Can one estimate and calculate a confidence interval for the value of a cutpoint obtained from the ROC curve?
for example, using the pROC package in R:
> library(pROC)
> data(aSAH)
> roc1 <- roc(aSAH$outcome,
aSAH$s100b, percent=TRUE,
# arguments for ci
ci=TRUE, boot.n=100, ci.alpha=0.9, stratified=FALSE,
# arguments for plot
plot=TRUE, auc.polygon=TRUE, max.auc.polygon=TRUE, grid=TRUE,
print.auc=TRUE, show.thres=TRUE)
with confidence intervals:
> ci.thresholds(roc1)
will produce:
95% CI (2000 stratified bootstrap replicates):
thresholds sp.low sp.median sp.high se.low se.median se.high
-Inf 0.000 0.00 0.00 100.00 100.00 100.00
0.065 6.944 13.89 22.22 92.68 97.56 100.00
0.075 12.500 22.22 31.94 80.49 90.24 97.56
0.085 20.830 30.56 41.67 77.99 87.80 97.56
0.095 27.780 38.89 50.00 70.73 82.93 92.68
0.105 37.500 48.61 59.72 65.85 78.05 90.24
0.115 43.060 54.17 65.28 60.98 75.61 87.80
0.135 47.220 58.33 69.44 53.66 68.29 80.49
0.155 58.330 69.44 80.56 51.22 65.85 80.49
0.205 70.830 80.56 88.89 48.78 63.41 78.05
0.245 73.580 81.94 90.28 43.90 58.54 73.17
0.290 73.610 83.33 91.67 34.15 51.22 65.85
0.325 76.350 84.72 93.06 29.27 46.34 60.98
0.345 79.170 87.50 94.44 29.27 43.90 58.54
0.395 80.560 88.89 95.83 26.83 41.46 56.10
0.435 83.330 90.28 95.87 24.39 39.02 53.66
0.475 90.280 95.83 100.00 19.51 34.15 48.78
0.485 93.060 97.22 100.00 17.07 31.71 46.34
0.510 100.000 100.00 100.00 14.63 29.27 43.90
QUESTION
Why there is no CI on thresholds?
UPDATE
I realised how to specify the best cutpoint to be not youden, but topleft?

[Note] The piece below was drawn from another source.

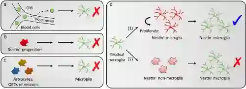 近日,中国科学院深圳先进技术研究院彭勃团队与香港大学医生饶艳霞、上海精神卫生中心教授袁逖飞合作,通过多种谱系追踪(fate mapping或lineage tracing)技术推翻了前人关于再殖小胶质细胞起源于Nestin阳性前体细胞分化的结论,并发现其再殖小胶质细胞完全起源于残存的小胶质细胞增殖。

rocobj <- plot.roc(aSAH$outcome,
aSAH$s100b,
main="Confidence intervals",
percent=TRUE, ci=TRUE, print.auc=TRUE)
# print the AUC (will contain the CI)
ciobj <- ci.se(rocobj,
specificities=seq(0, 100, 5))
plot(ciobj, type="shape", col="#1c61b6AA")
plot(ci(rocobj, of="thresholds", thresholds="best", best.method="topleft"))
Best Answer
You fixed the thresholds. They cannot vary in the boostrap.
Let's simplify and look at only one threshold:
By doing that, you fixed the threshold to 0.205 and asked: how much can my sensibility and specificity vary at that threshold? The threshold is your fixed point. It has no uncertainty associated with it. You implicitly did the same by asking for all thresholds, even though you didn't spell it out.
If you want a CI on the threshold you have to reformulate the question, for instance how uncertain is the "best" threshold?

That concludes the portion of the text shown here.